**WORK INSTRUCTIONS:** Write out an exact copy of the line containing "Tabla de posiciones" and all lines that follow it in the data below, leaving out pictures.

**DATA SEGMENT:**
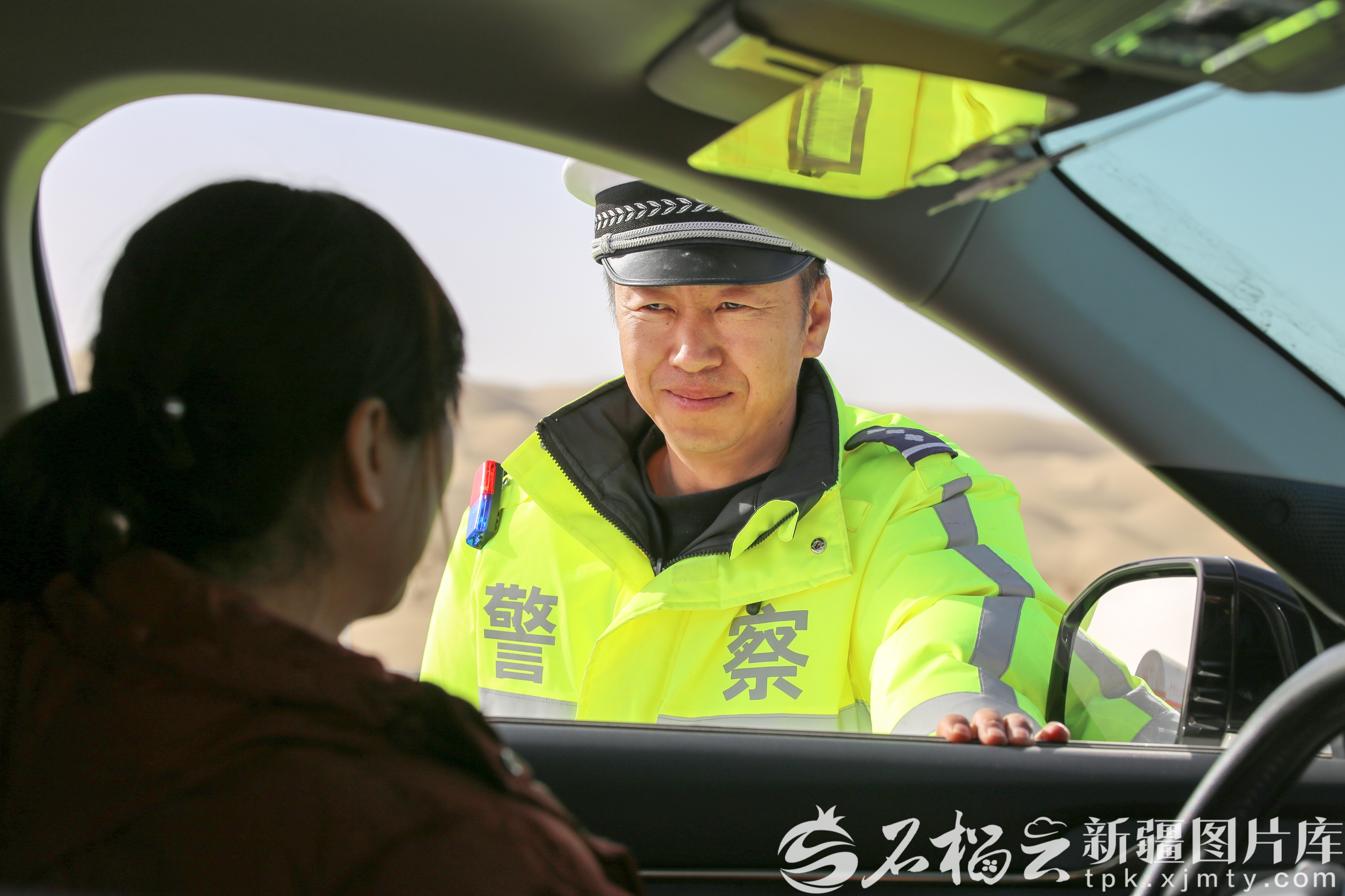 车行在起伏的沙漠公路上,连绵的沙丘随车轮缓缓向后退去。两个多小时后,我们抵达执勤点,便看到几名队员正围着一辆货车开展检查,司机师傅搓着冻得发红的手,一个劲地道谢:“多亏你们细心,我这轮胎慢漏气,真在沙漠里抛锚,前不着村后不着店,可就麻烦大了!”
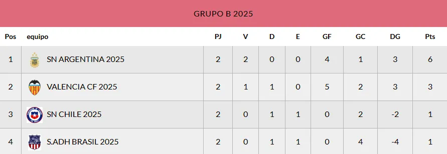 Tabla de posiciones del grupo B del torneo de Alcudia
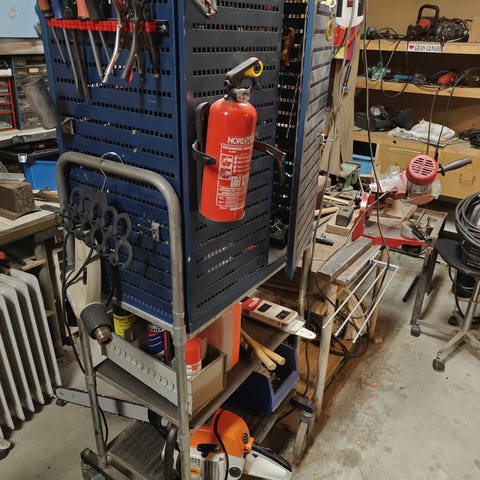 Metallinen työkalukaappi, jossa siniset ovet ja vaalea runko. Kaapissa on useita vetolaatikoita sekä alahylly säilytystä varten. Soveltuu esimerkiksi työkalujen, tarvikkeiden ja pientavaran järjestelmälliseen säilytykseen autotallissa, verstaassa tai varastossa. Mitat 103lev 42.5syvä ja 201kork. Löytyy keimolasta vantaalta

**WRITTEN ANSWER:**
 Tabla de posiciones del grupo B del torneo de Alcudia
 Metallinen työkalukaappi, jossa siniset ovet ja vaalea runko. Kaapissa on useita vetolaatikoita sekä alahylly säilytystä varten. Soveltuu esimerkiksi työkalujen, tarvikkeiden ja pientavaran järjestelmälliseen säilytykseen autotallissa, verstaassa tai varastossa. Mitat 103lev 42.5syvä ja 201kork. Löytyy keimolasta vantaalta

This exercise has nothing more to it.